26 January 2012

Mooning

I've been getting in too deep again. I wrote about them for a little project, and I thought it would be OK this time. I thought I'd move on quick, pretty well unscathed. But Ted and Sylvia always get me. Before I know it I'm listening to him read Lovesong over and over on youtube. I have a compulsion. It's the spider bite smiles, the promises that take off the top of his skull which the lover makes into a brooch, the heads like halves of lopped melons. It's Ted's voice free from any finalising tone, just stopping in the air, at the last line: In the morning they wore each other's face. I had to find the antidote to this heart-wrench.


So from lopped melons to moon-whales. I went to the children's section of the Poetry Library and took out a copy of Ted's Moon-Whales to pull myself out of the myth and just be a kid who likes words and weird things. I also wanted to look at some pictures. I picked out the version that is illustrated by Chris Riddell. His artwork is so distinctive and immediately takes me back to me being the dorkiest of kids, nicking The Edge Chronicles that were ostensibly bought for my brothers, my favourite being the Twig trilogy. His full-page Moon-Whales illustrations that spread out and into Ted's poems are rather moon-magnificent.


Who couldn't escape from an overwrought Ted rut reading about a Moon-Haggis with its 'crazy/Cruel hiccup'? Precisely. There is a moon counterpart to everything. Moon-flowers, moon-weather, moon-illnesses, moon-witches. Everything a kid can see and hear and feel and imagine. The Moon-Hyena shrieks 'laughter of dark hell,/Mad laughter of a skull'; it is wild and a little scary 'yet it is so full of love and joy that sing it must, or bust'. Interestingly, John Burnside wrote that his totem animal is the hyena only this week. Ted's totem has come to be the fox, though I think he has much more of the badger about him.


Moon-Whales is all about horrors. Perhaps not quite the antidote I foresaw. But Ted forces these horrors into rhymes, into songs. They don't all have happy endings but they are undauntedly, unwaveringly curious and quick, celebrating the odd and fantastical. The world is seen through a moon-mirror. It is dark and mad and funny and peculiar. It is not just for children. 

4 comments:

Ma said...

Well, who knew you read the Edge Chronicles? I never did. They were always, in my mind, N's books.

Anna said...

Nope, devoured the lot. Bookthief by nature. Rip-roaring reads.

mike said...

I love the pictures - Chris Riddell has done even better here than in the Edge stuff.

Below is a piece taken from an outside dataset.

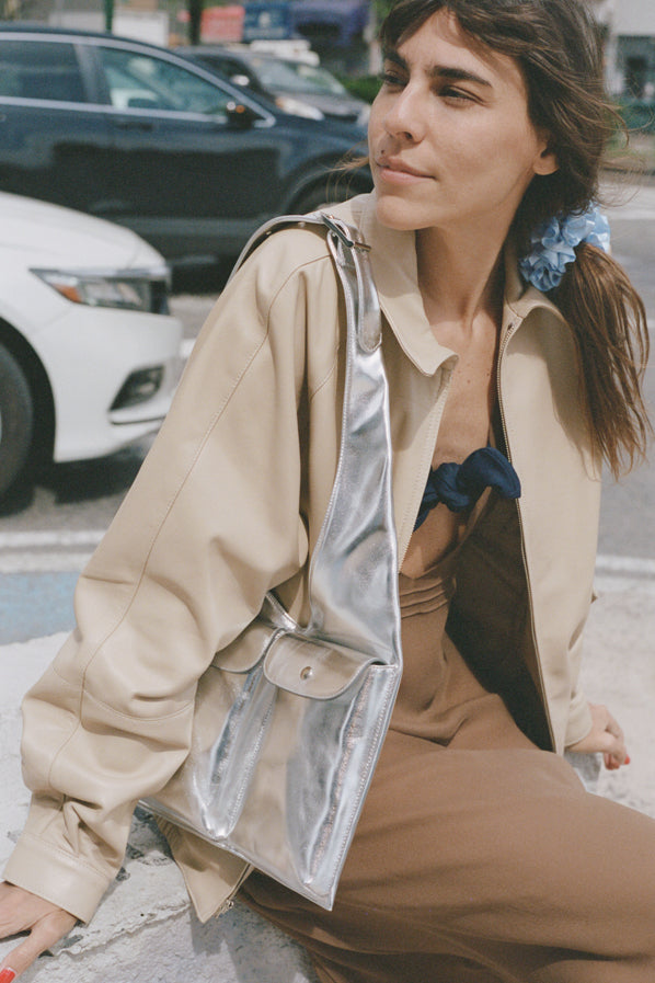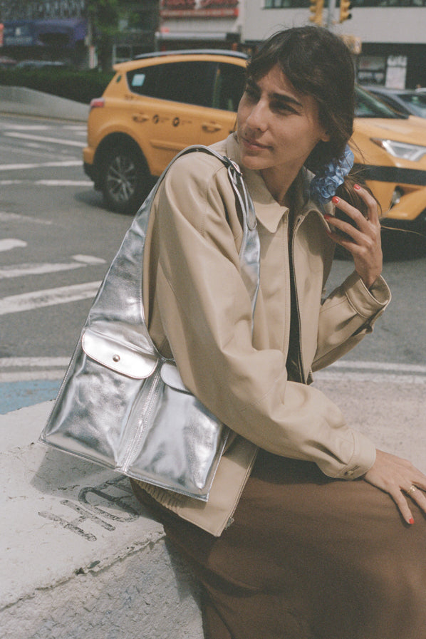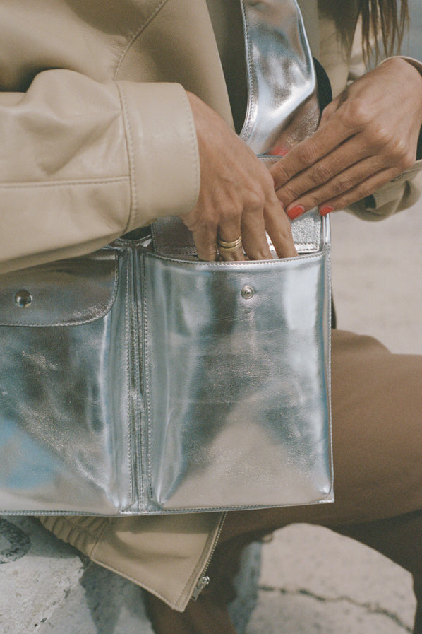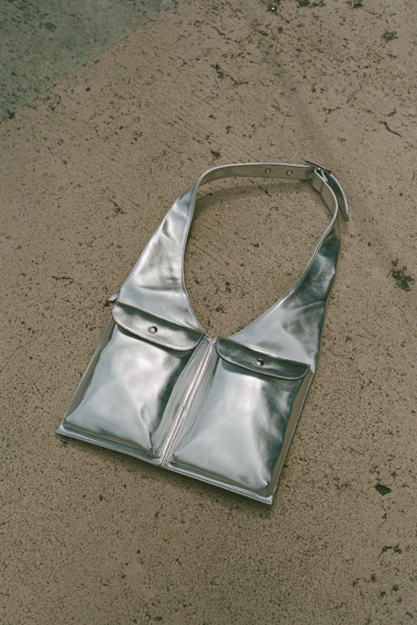 A flat shoulder bag featuring two flap patch pockets with snap fastenings. Zipper compartments at opposite side. Adjustable buckled shoulder strap. Silver-toned hardware.

For some reason I always thought that Hughes's totem anaimal would be a crow - why did I get that wrong?

EPSibley said...

Well, he wrote the crow poems, in which the crow is like a metaphor for all his personal demons and buried feelings, so I guess it could well be seen as his totem. But The Thought Fox is such a prominent Ted poem that I think the fox has now become kind of synonymous with him. But yeah, great pictures!